-- WORK INSTRUCTION --
Your answer should give again, exactly, the lines from the beginning of the entries below through the line containing "Woman Sitting in Hanging Chair on Porch". It must contain no pictures.

Records drawn from a dataset:
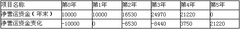 流動資金也叫凈營運資本,是流動資產與流動負債之差。本公司在生產和銷售A產品之前必須購買原材料并對存貨進行投資,并且要保留一部分現金以應付各種不可預見的現金支出,同時公司的各種商業信用可能產生應收賬款和應付賬款。通過分析認為,公司需要投入的營運資金在開始年份逐年增加。然而,在項目周期的趨減年份,凈營運資金逐年減少,最終為零,最后所有的營運資金全部被收回。本項目各年的凈營運資金見表5―16:
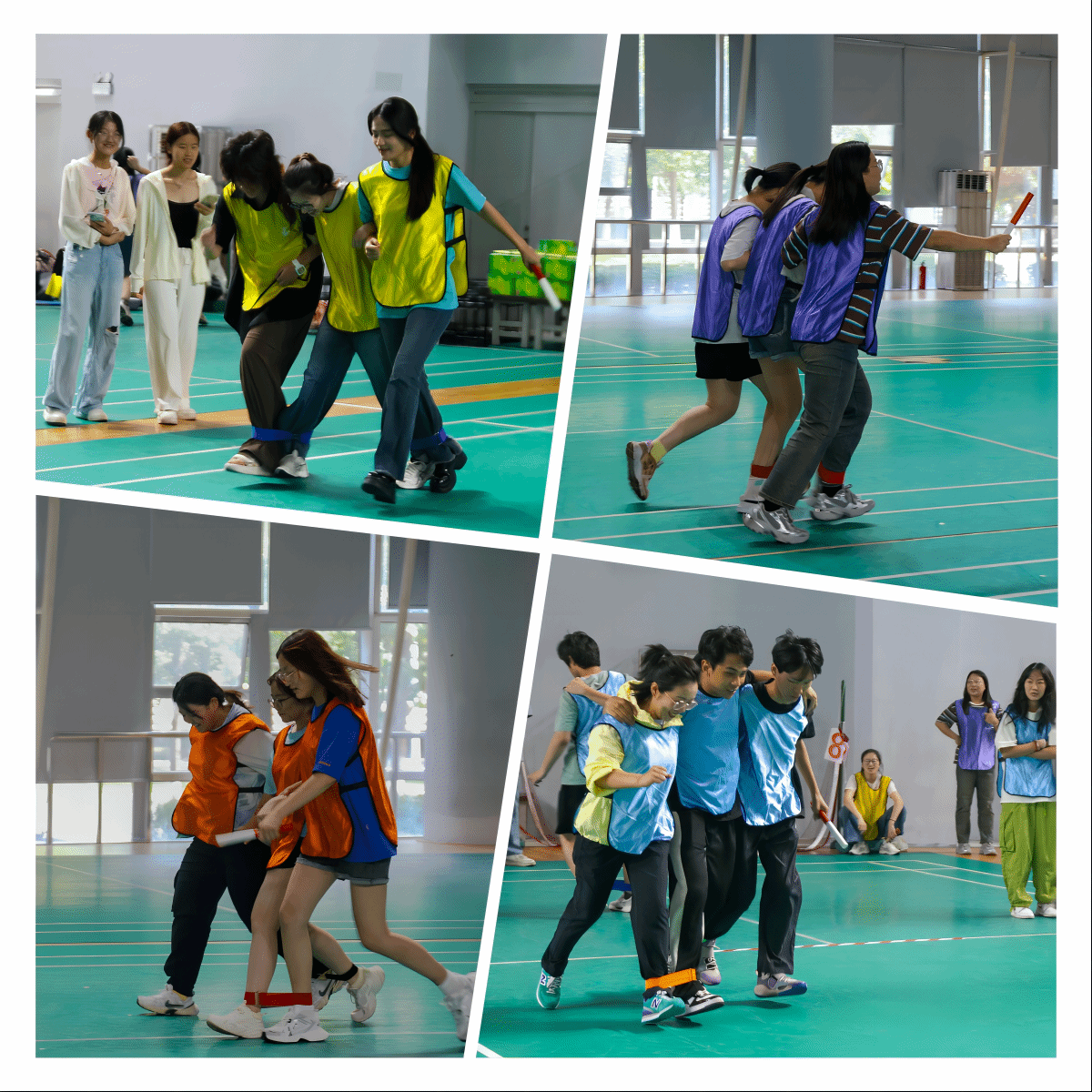 接下来是“三人四足”游戏,每队选出三名队员,他们的相邻腿需要绑在一起,然后一起向前奔跑。这个游戏要求队员们步调一致、紧密配合,不仅考验了他们的协作能力,也展现了他们的智慧和技巧。
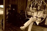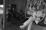 Woman Sitting in Hanging Chair on Porch
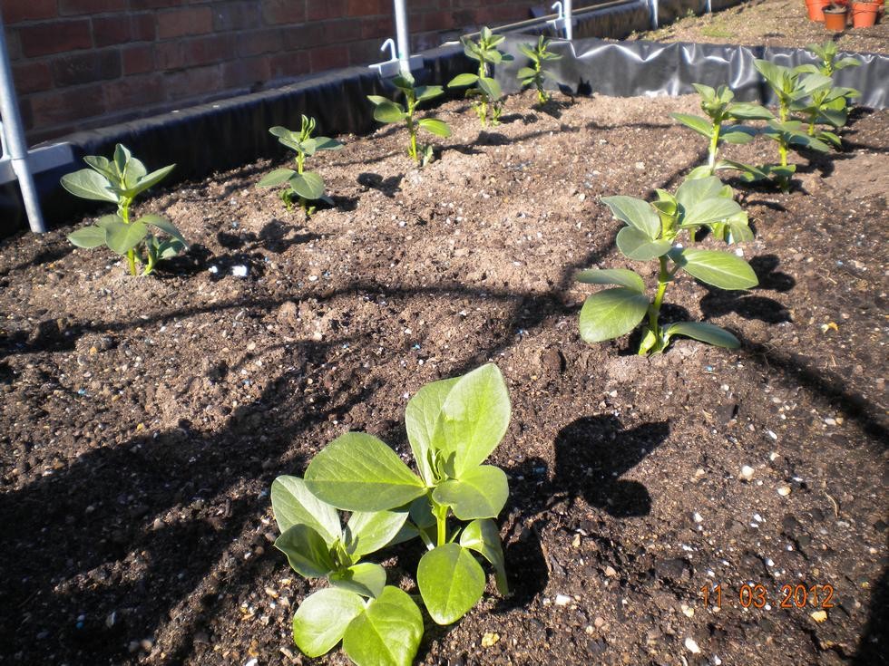 Broad beans have been planted out a couple of weeks and are now established. Weather has been mild and some rain showers. Have not needed to provide protection this year.
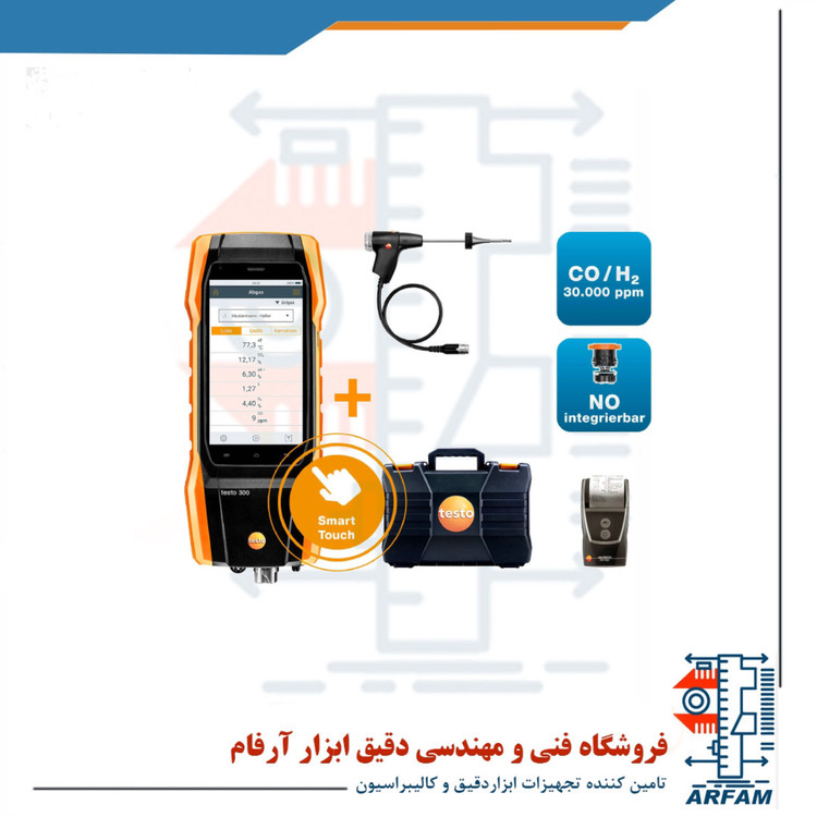 کیت آنالیزر گاز خروجی دودکش با دوام به همراه پرینتر برند تستو مدل TESTO 300 LONGLIFE KIT 2 WITH PRINTER توانایی اندازه گیری در رنج های O₂ از 0 تا 21 vol ، CO بدون جبران H₂ از 0 تا 4000 ppm ، CO با جبران H₂ از 0 تا 8000 ppm، CO بدون جبران H₂ و بدون رقیق سازی از 0 تا 15000 ppm ، CO بدون جبران H₂ و با رقیق سازی از 0 تا 30000 ppm، COlow با جبران H₂ از 0 تا 500 ppm ، NO از 0 تا 3000 ppm ، NOlow از 0 تا 300 ppm ، CO₂ با محاسبه دیجیتال از O₂ مطابق با رنج CO₂ ، تست کارایی (Eta) از 0 تا 120 درصد، اتلاف گاز دودکش از 0 تا 99.9 درصد، درفت(Draught) از 9.99- تا 40 هکتوپاسکال ، 4 پاسکال برای ابزار رقیق کننده از 50- تا 50 پاسکال Pa، فشار از 100- تا 200 هکتوپاسکال ، دما از 40- تا 1200 درجه سانتی گراد ، CO محیط با پراب داخلی و گاز دودکش از 0 تا 2000 ppm ، CO محیط با پراب خارجی از 0 تا 500 ppm را داراست.
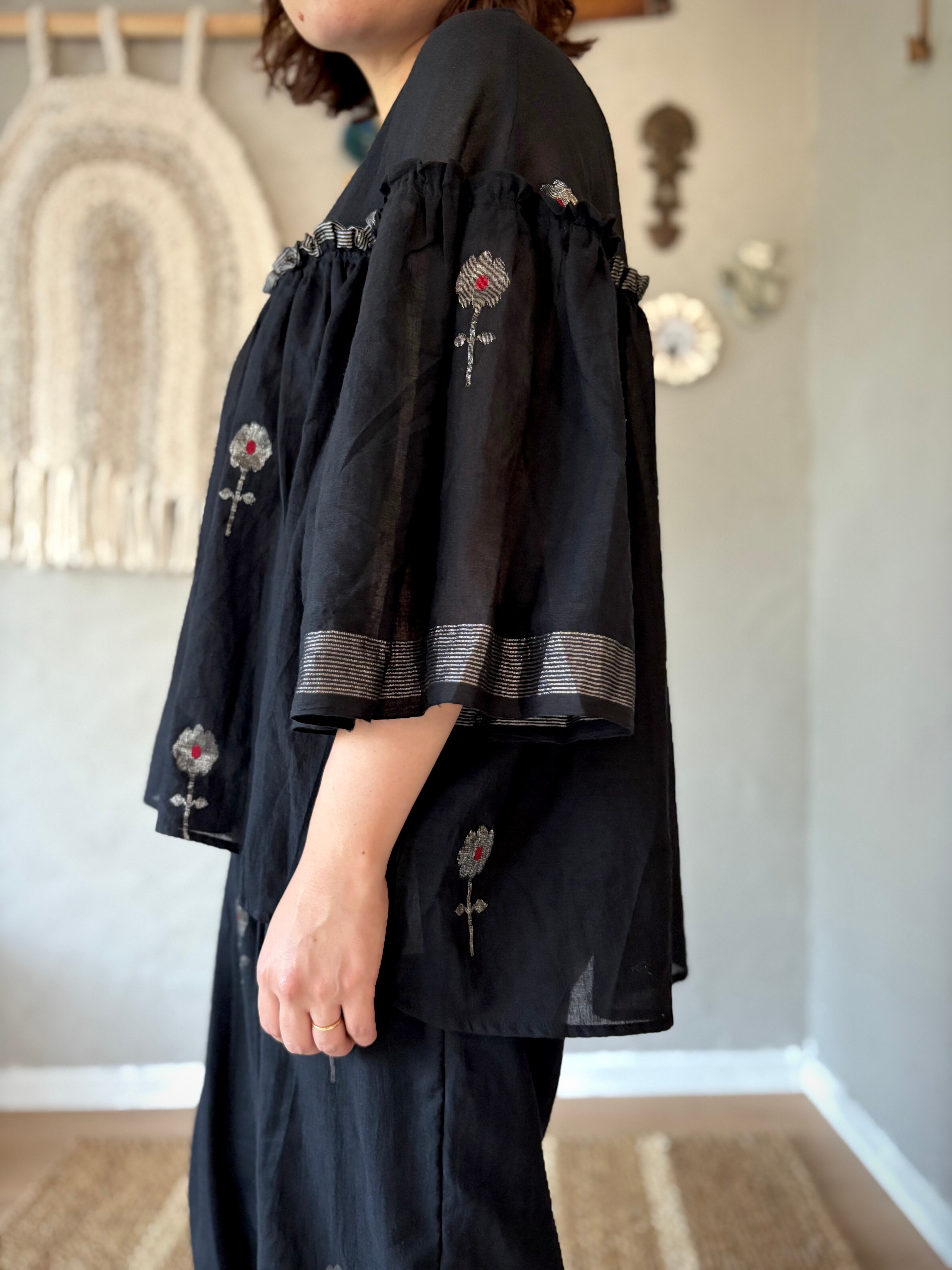 プリントでも刺繍でもなく、手作業で織り込まれたシルバーの丸い花模様は、どこか懐かしくて可愛らしい雰囲気。
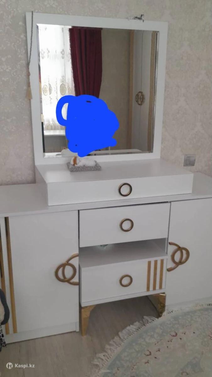Шкаф, кровать, екі тумбочка, айнасы бар стол
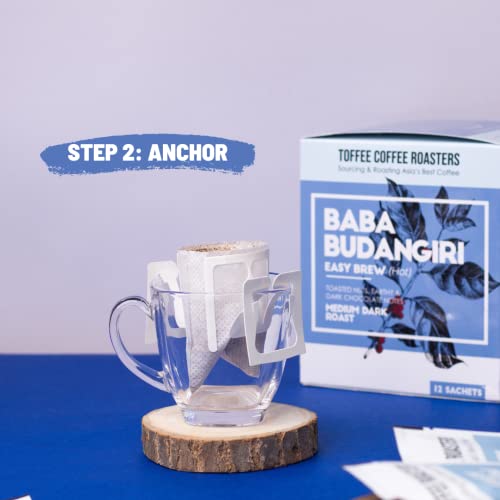 Toffee Coffee Roasters | Baba Budangiri Coffee | Free Enamel Mug | Easy Brew (Hot Brew) Coffee Bag | Pack of 12 Sachets | Medium Dark Roast | Coffee Notes: Toasted Nuts Earthy & Chocolate Notes
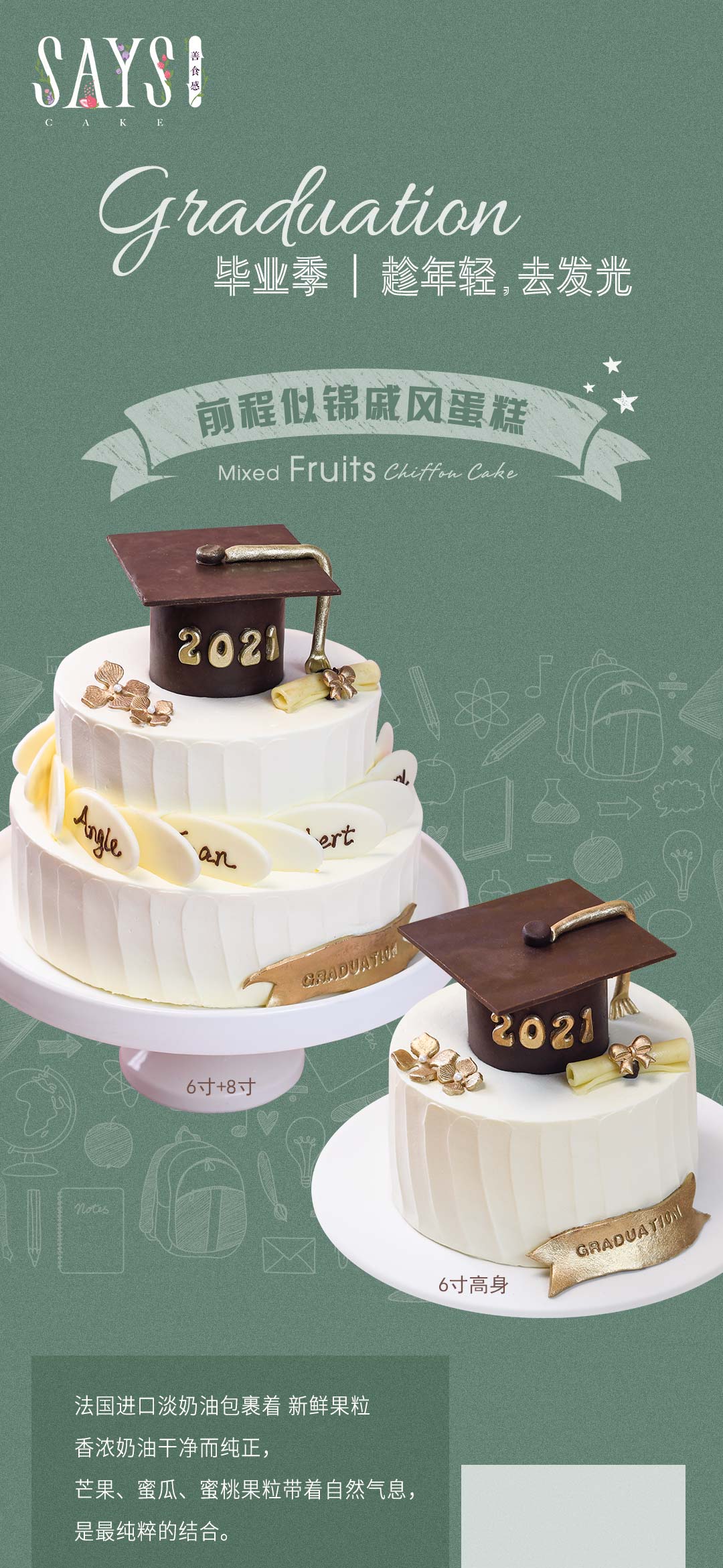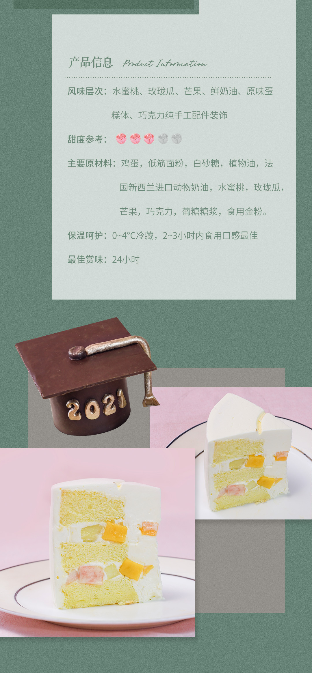 注:不同蛋糕口味选择有不同奶油抹面颜色,与该口味的原版戚风蛋糕颜色一致。蛋糕表面配件装饰统一为“前程似锦毕业帽款”。详情可联系客服微信13002032118咨询。送保温袋!
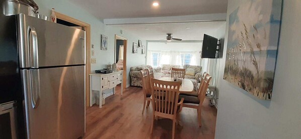 This 2-bedroom cottage has 1 queen bed in the first bedroom and 2 twin beds in the second bedroom. There is a sofa in the living area for an optional 5th person (Not a pullout). Unit comes equipped with a full kitchen, including refrigerator, stove/oven, microwave, and dishwasher. Color Cable TV. Full shower in bath. Air Conditioned.
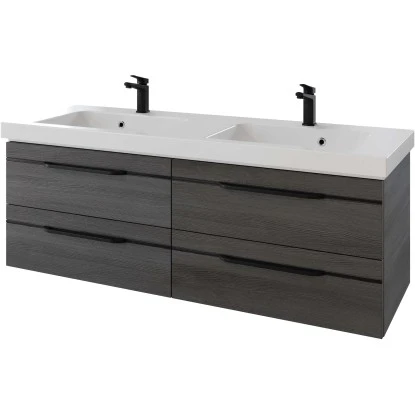 Pelipal WaschbeckenunterschrankQuantum 05 Graphit Struktur Quer NB Griffe Schw
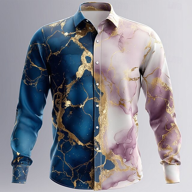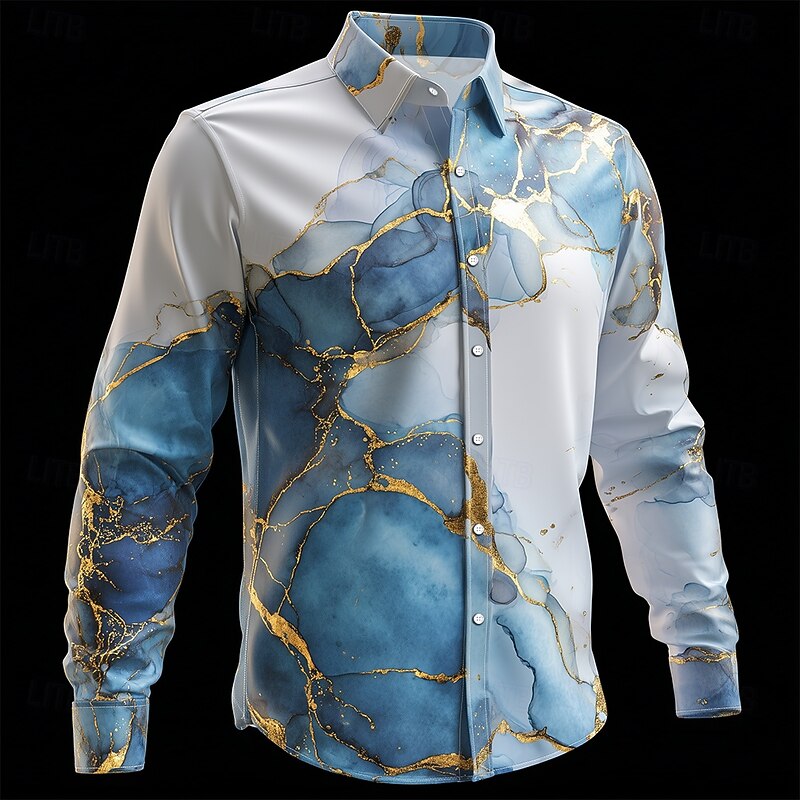 More information about Men's Marble Abstract Liquid Art Shirt Button Up Shirt Long Sleeve Fashion Casual Outdoor Dailywear Spring Fall Turndown 3D Print Linen Like Shirt Blue+Khaki Blue Light Blue
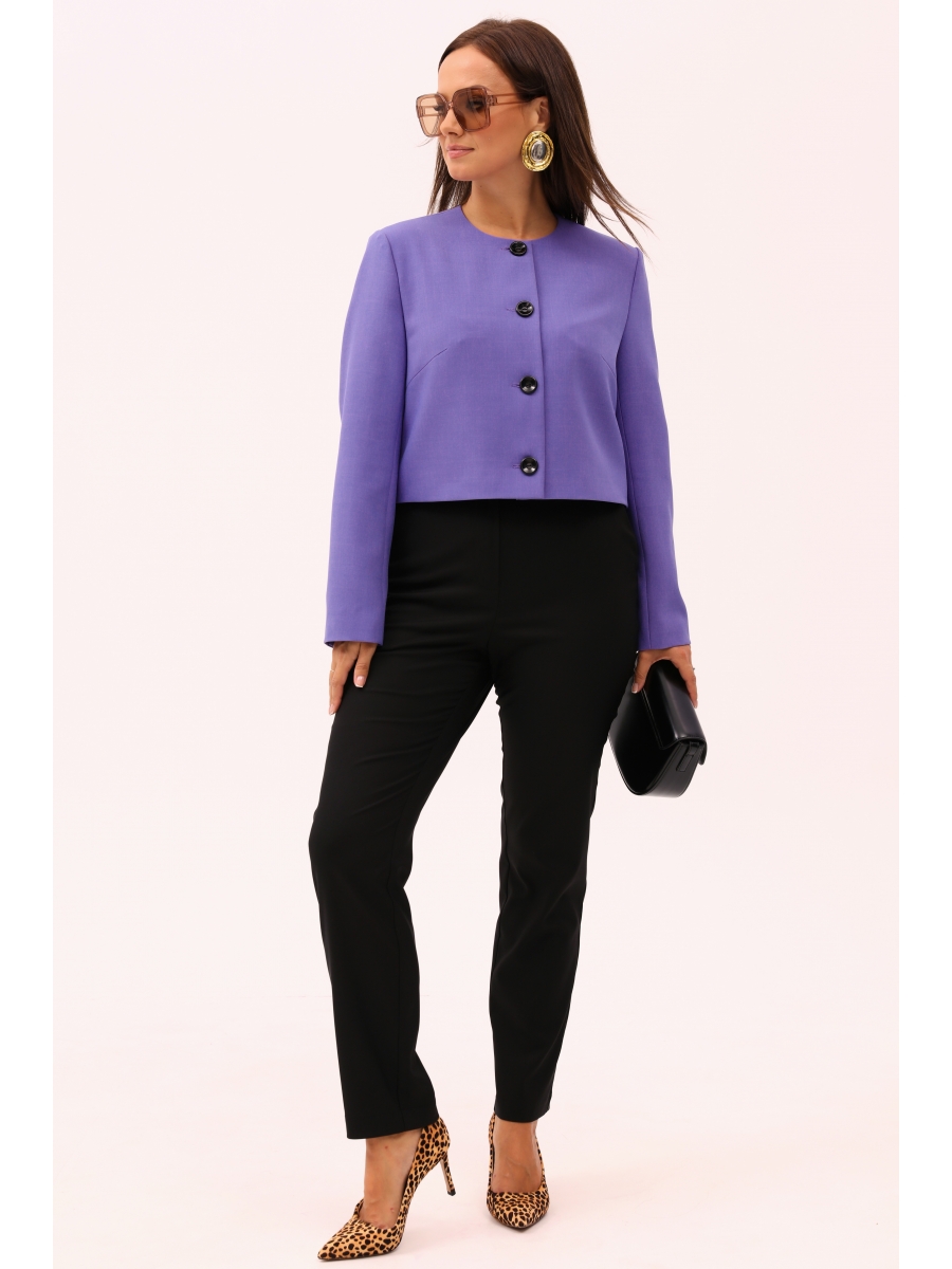 Лаконичный брючный комплект состоит из укороченного прямого жакета и зауженных брюк.

-- WRITTEN SOLUTION --
 流動資金也叫凈營運資本,是流動資產與流動負債之差。本公司在生產和銷售A產品之前必須購買原材料并對存貨進行投資,并且要保留一部分現金以應付各種不可預見的現金支出,同時公司的各種商業信用可能產生應收賬款和應付賬款。通過分析認為,公司需要投入的營運資金在開始年份逐年增加。然而,在項目周期的趨減年份,凈營運資金逐年減少,最終為零,最后所有的營運資金全部被收回。本項目各年的凈營運資金見表5―16:
 接下来是“三人四足”游戏,每队选出三名队员,他们的相邻腿需要绑在一起,然后一起向前奔跑。这个游戏要求队员们步调一致、紧密配合,不仅考验了他们的协作能力,也展现了他们的智慧和技巧。
 Woman Sitting in Hanging Chair on Porch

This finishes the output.